6th Pierce County Executive
- In office January 3, 2017 – January 1, 2025
- Preceded by: Pat McCarthy
- Succeeded by: Ryan Mello

Member of the Washington Senate from the 25th district
- In office January 14, 2013 – December 31, 2016
- Preceded by: Jim Kastama
- Succeeded by: Hans Zeiger

Member of the Washington House of Representatives from the 25th district
- In office January 12, 2009 – January 14, 2013
- Preceded by: Rob Cerqui
- Succeeded by: Dawn Morrell

Personal details
- Born: 1961 (age 64–65) Tacoma, Washington, U.S.
- Party: Republican
- Education: United States Naval Academy (BS) University of Washington (MS)

Military service
- Allegiance: United States
- Branch/service: United States Navy
- Years of service: 1979–1987

= Bruce Dammeier =

American politician from Washington

Bruce F. Dammeier (born 1961) is an American politician and engineer who served as county executive of Pierce County, Washington from 2017 to 2025. A member of the Republican Party, he previously served as a member of both chambers of the Washington State Legislature.

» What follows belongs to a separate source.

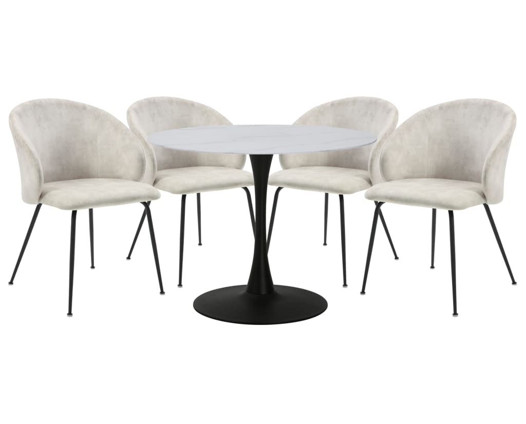Elevate your dining experience with the Kailua 5-Piece Dining Set. This modern set features a sleek, black metal tulip base that supports a stunning marble-print tempered glass tabletop. The white hue of the tabletop elegantly complements any dining room decor, creating a sophisticated and inviting atmosphere. Perfect for both everyday meals and special occasions, the Kailua Dining Set combines style and durability for lasting enjoyment. Upgrade your dining space with this chic and contemporary set today!

==Early life and education==
Dammeier was born in Tacoma, Washington. He graduated with distinction from the United States Naval Academy, receiving a Bachelor of Science degree in ocean engineering. He received his Master of Science degree in engineering from the University of Washington.

==Political career==
Dammeier served two terms on the Puyallup School Board from 2001 to 2009. In 2008, he was elected to the Washington House of Representatives from the 25th District, defeating Democrat Rob Cerqui with 54 percent of the vote. He was re-elected in 2010 with 64 percent of the vote. In 2012, Dammeier was elected to the State Senate, defeating Democrat Eric Herde with 62 percent of the vote.

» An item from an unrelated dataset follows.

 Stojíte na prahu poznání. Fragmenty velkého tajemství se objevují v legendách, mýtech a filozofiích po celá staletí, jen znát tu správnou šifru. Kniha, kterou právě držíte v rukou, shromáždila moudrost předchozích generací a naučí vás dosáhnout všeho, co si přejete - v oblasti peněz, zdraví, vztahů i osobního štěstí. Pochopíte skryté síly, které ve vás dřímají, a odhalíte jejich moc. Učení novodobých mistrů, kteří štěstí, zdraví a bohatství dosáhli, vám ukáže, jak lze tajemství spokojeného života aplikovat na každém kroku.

==Pierce County Executive==
In 2016, Dammeier opted to run for Pierce County Executive rather than seek re-election to the State Senate. He placed second in the primary election, receiving 30 percent of the vote to Democrat Rick Talbert's 46 percent, and they advanced to the general election. Dammeier narrowly defeated Talbert in the general election, winning 52 percent of the vote to Talbert's 48 percent, and became the first Republican to be elected County Executive since 1996. Dammeier was re-elected in 2020, defeating former Democratic State Representative Larry Seaquist with 55 percent of the vote.